LIBERTA’ D’INFORMAZIONE
Franco Siddi (Fnsi): La sentenza di Torino
non convince. Possibili ricorsi alla Corte di Strasburgo. Cambiare le leggi
sulla diffamazione
ROMA - “La Costituzione è il punto di tenuta della convivenza democratica, la Corte Costituzionale l’organo di garanzia delle libertà e dei diritti dei cittadini.
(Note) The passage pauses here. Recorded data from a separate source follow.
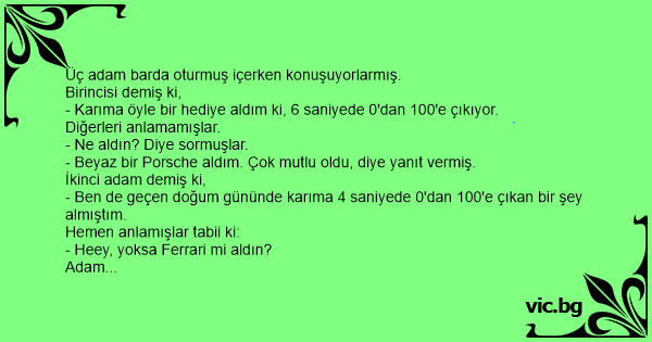 - Karıma öyle bir hediye aldım ki, 6 saniyede 0'dan 100'e çıkıyor.
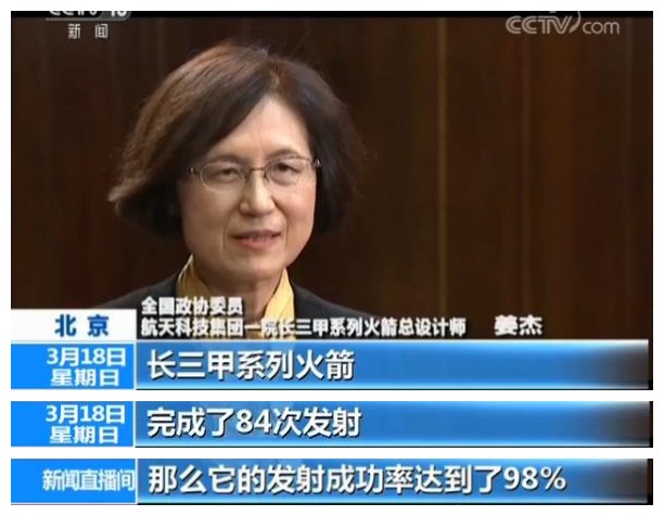 姜杰:“长三甲系列火箭完成了84次发射,那么它的发射成功率达到了98%。”
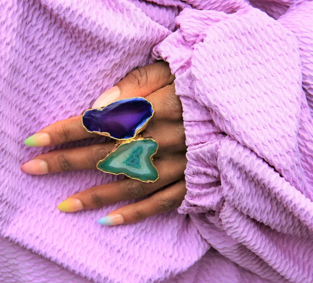 Designed and handmade for people wanting the ultimate statement ring. Every gemstone is unique in shape, colour intensity and size. These exceptional rings are guaranteed to attract admiring glances in shades of green from teal to emerald. The agate stones are beautifully gilded in 18k gold plating and the rings are also adjustable. Take your mind to a happy place by gazing at the natural beauty that only semi-precious stones can bring. This ring will arrive in a YAA YAA LONDON jewellery box. Inspired by loyal customers that wanted ‘the biggest stone possible’
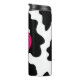 Quirky cool black and white cow spots pattern with bold hot pink monogram.
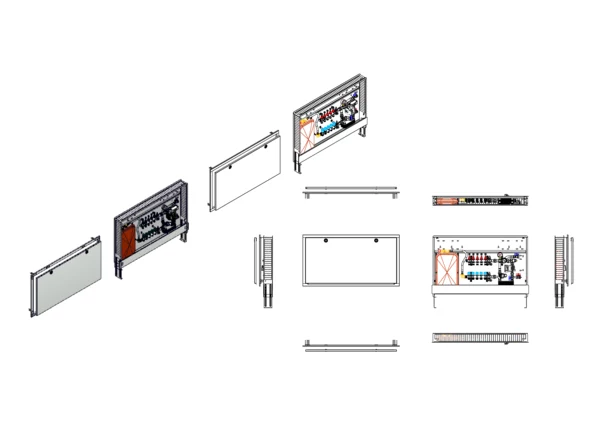 Die Regelstation für Flächenheizung ist mit einer Systemtrennung und einer Festwertregelung 20-50 °C ausgestattet. Die im Unterputzschrank montierte Regelgruppe umfasst eine Umwälzpumpe, einen Edelstahlverteiler mit absperrbaren Durchflussanzeigern und Ventileinsätzen für EGO-Schnellverschluss, sowie eine horizontale Anschlussgarnitur ohne Wärmezählerverrohrung. Es gibt Platzhaltungen für eine Klemmleiste und EGO-Regelantriebe.

Se necessario, dovrà essere ancora una volta proprio la suprema Corte, se non basteranno altri due gradi di giudizio e magari la Corte di Strasburgo, a doversi pronunciare su una libertà d’informazione e di critica, se non impoverita, messa in soggezione da alcune recenti sentenze del giudice ordinario”.
Lo ha detto Franco Siddi, segretario generale
della Federazione Nazionale della Stampa Italiana, nel suo intervento durante
la conferenza stampa annuale della Corte Costituzionale.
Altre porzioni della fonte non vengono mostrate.